L’article 2 de la présente proposition de loi institue, à son I, une procédure détaillée applicable en cas de non-renouvellement de la convention de subdélégation à son terme : désignation d’un médiateur par le ministre, possibilité de prorogation pour une durée maximale de trois mois, faculté pour le ministre de soumettre un projet de convention aux assemblées générales des deux parties, et possibilité de lui donner force exécutoire au terme de la prorogation. Cette procédure a précisément pour objet d’organiser une sortie de crise ordonnée, permettant la continuité du service public sportif subdélégué.

Or, le II du même article prévoit que le non-renouvellement de la convention entraîne, en tout état de cause, la dissolution automatique de la ligue professionnelle dans un délai de trois mois. Cette disposition est en contradiction directe avec la procédure organisée au I, qui vise justement à éviter toute rupture dans l’exercice de la mission subdéléguée en organisant une procédure alternative au blocage.

Deux logiques incompatibles coexistent ainsi dans le même article : d’un côté, une procédure d’arbitrage qui confère au ministre la faculté d’imposer une convention pour maintenir la continuité du service public ; de l’autre, une dissolution automatique qui prive cette procédure d’une grande partie de son effectivité, puisque la ligue menacée de dissolution ne peut négocier dans des conditions équilibrées.

Dans un souci élémentaire de cohérence interne du texte, le présent amendement propose de circonscrire le cas de dissolution automatique au seul retrait de la subdélégation, qui constitue bien un acte délibéré de la fédération. Le non-renouvellement, quant à lui, fait l’objet de la procédure contradictoire organisée au I, dont l’issue peut être soit un accord entre les parties, soit une convention imposée par le ministre.

Cet amendement a été travaillé avec la Ligue nationale de basket-ball.

Dispositif

À l’alinéa 10, supprimer les mots :

« ou son non-renouvellement dans un délai de trois mois suivant le terme de la convention qui l’organise ».

Art. APRÈS ART. 6 • 04/05/2026 EN_TRAITEMENT
EPR

Exposé des motifs

La présente proposition de loi relative à l’organisation, à la gestion et au financement du sport professionnel vise à moderniser les relations entre les acteurs du sport professionnel et à en consolider les ressources. C’est dans ce cadre que s’inscrit le présent amendement, qui concerne un aspect afférent à l’économie du sport : les jeux à objets numériques monétisables, dits JONUM.

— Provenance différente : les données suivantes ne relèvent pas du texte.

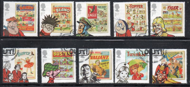 Great Britain Scott Catalogue number 3008-3017 2012 Comic Book Covers & Characters stamp set.Used, fine to very fine .Canadian Customers - no added GST/HSTUS customers - No tariffs on stamps sent by meMember Canadian Stamp Dealers Association
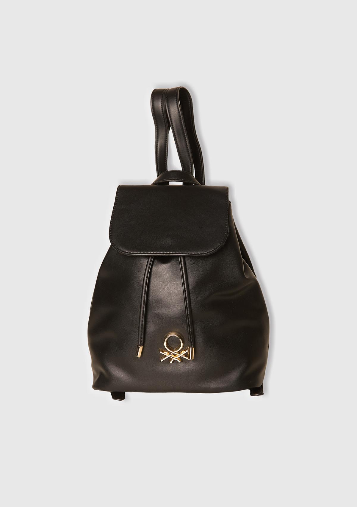 Kadın Siyah Napa Efektli 3D Logolu Büzme İpli Sırt Çantası
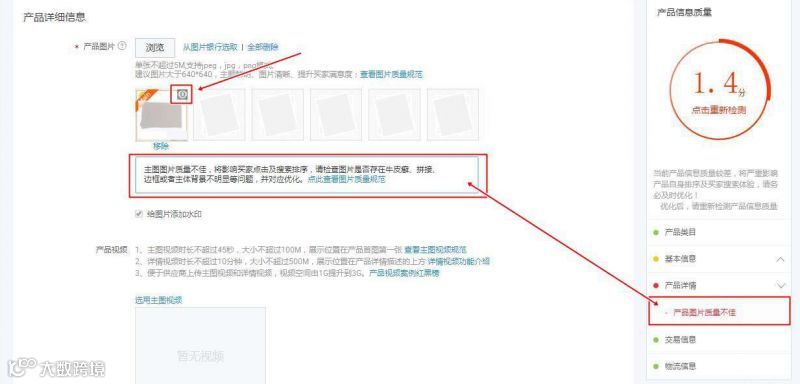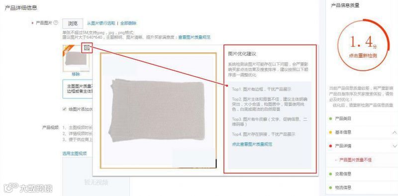 注意:这部分跟右边检测产品信息质量是同步对应的。我们以检测产品主图为例,进行检测后,右边提示“产品图片质量不佳”,左边产品详细信息在产品图片下边位置提示图片规则和优化建议,它们之间是互相对应的,非常及时。
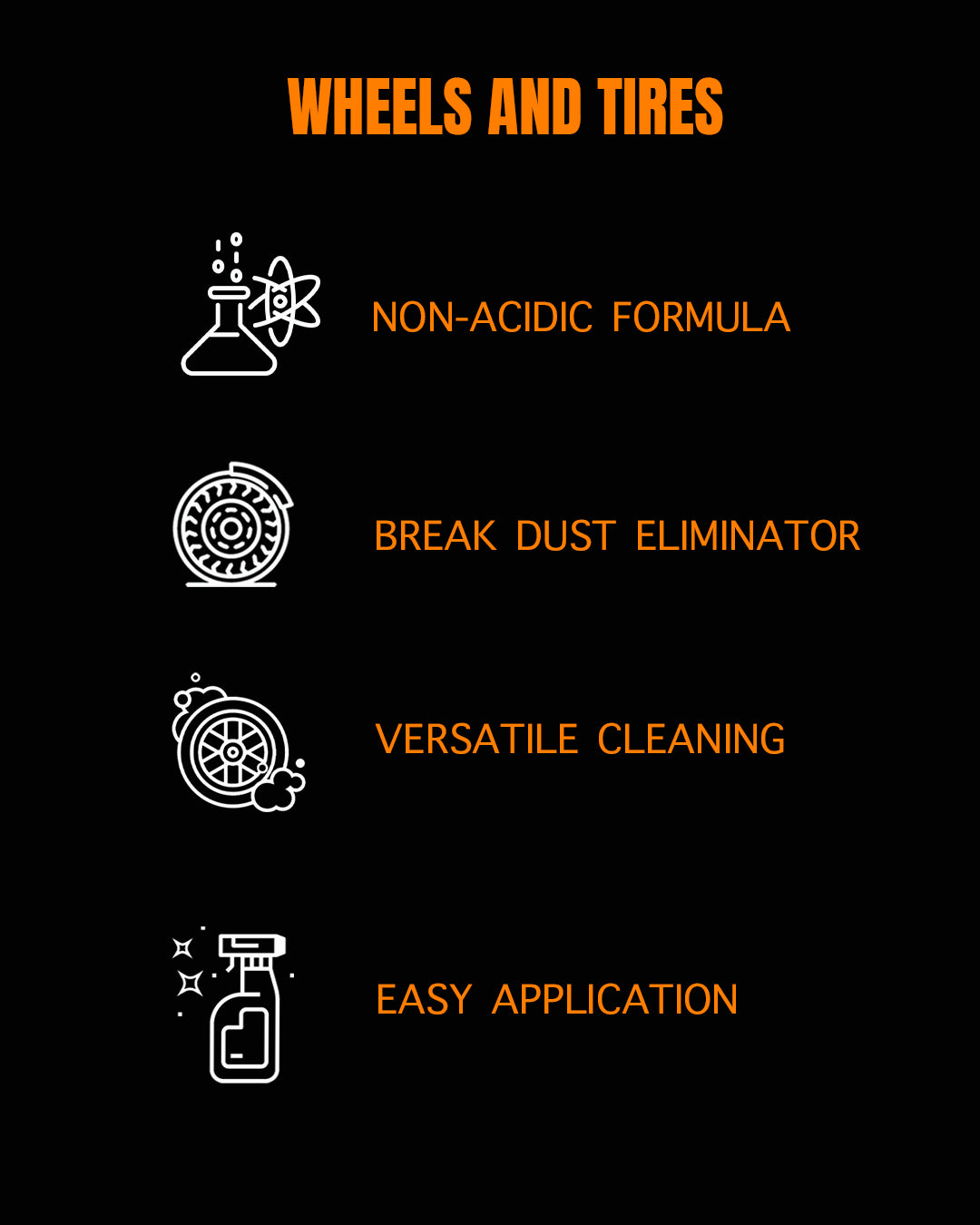 Deep Cleaning for Tires:Â Not just for wheels, this product also easily cleans tires, removing all traces of grime and residual tire dressing, leaving your tires looking as good as new.Â
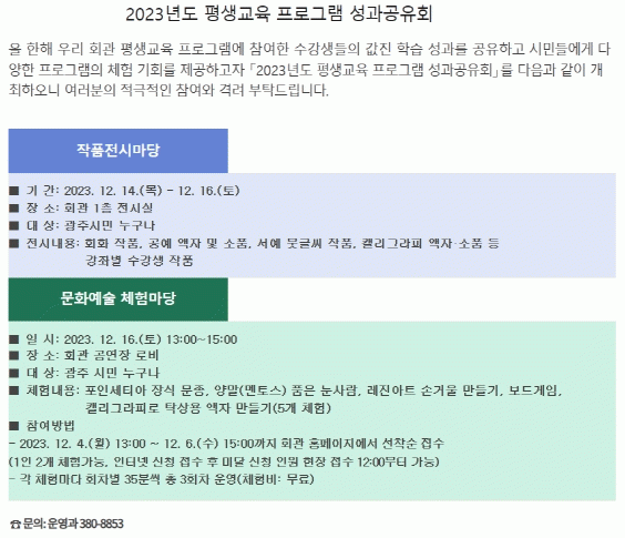±¤ÁÖÇлý±³À°¹®Èȸ°ü ±è¿ëÀÏ °üÀåÀº ¡°À̹ø ¼º°ú°øÀ¯È¸°¡ ¼ö°»ýµéÀÌ ¼ºÃë°¨°ú Áö¼ÓÀûÀÎ ÇнÀ µ¿±â°¡ µÇ±æ ¹Ù¶õ´Ù¡±¸ç ¡°¶Ç Æò»ý±³À°¿¡ ´ëÇÑ ½Ã¹ÎµéÀÇ Âü¿©°¡ ´õ¿í È®´ëµÇ´Â °è±â°¡ µÆÀ¸¸é ÇÑ´Ù¡±°í ¹àÇû´Ù.

Les entreprises relevant de ce régime entretiennent en effet un lien direct et structurel avec le sport professionnel. Les jeux de fantaisie sportive fondés sur les performances réelles de sportifs professionnels (dont les opérateurs doivent, aux termes mêmes de la loi SREN, respecter le droit d’exploitation prévu à l’article L. 333‑1 du code du sport et obtenir l’accord des organisateurs des compétitions concernées) peuvent constituer une source de financement complémentaire pour les clubs et les ligues, via les sommes versées au titre des licences conclues avec les ayants droit sportifs.

C’est pour encadrer ce secteur que la loi SREN du 21 mai 2024 a instauré, à titre expérimental pour une durée de trois ans, un régime juridique dédié. Toutefois, en raison du contexte politique ayant suivi l’adoption de la loi, les décrets d’application n’ont été publiés qu’en février 2026, soit près de vingt et un mois après la promulgation. Par conséquent, l’expérimentation ne courrait dès lors que sur un peu plus d’une année, rendant impossible l’évaluation que le législateur avait lui-même prévue.

Il est donc proposé de prolonger de dix-huit mois cette expérimentation, afin de garantir une mise en œuvre effective pendant trois ans et d’en tirer tous les enseignements nécessaires pour décider des suites à lui donner.

Dispositif

Au I de l’article 40 de la loi n° 2024‑449 du 21 mai 2024 visant à sécuriser et à réguler l’espace numérique, les mots : « trois ans » sont remplacés par les mots :« quatre ans et six mois ».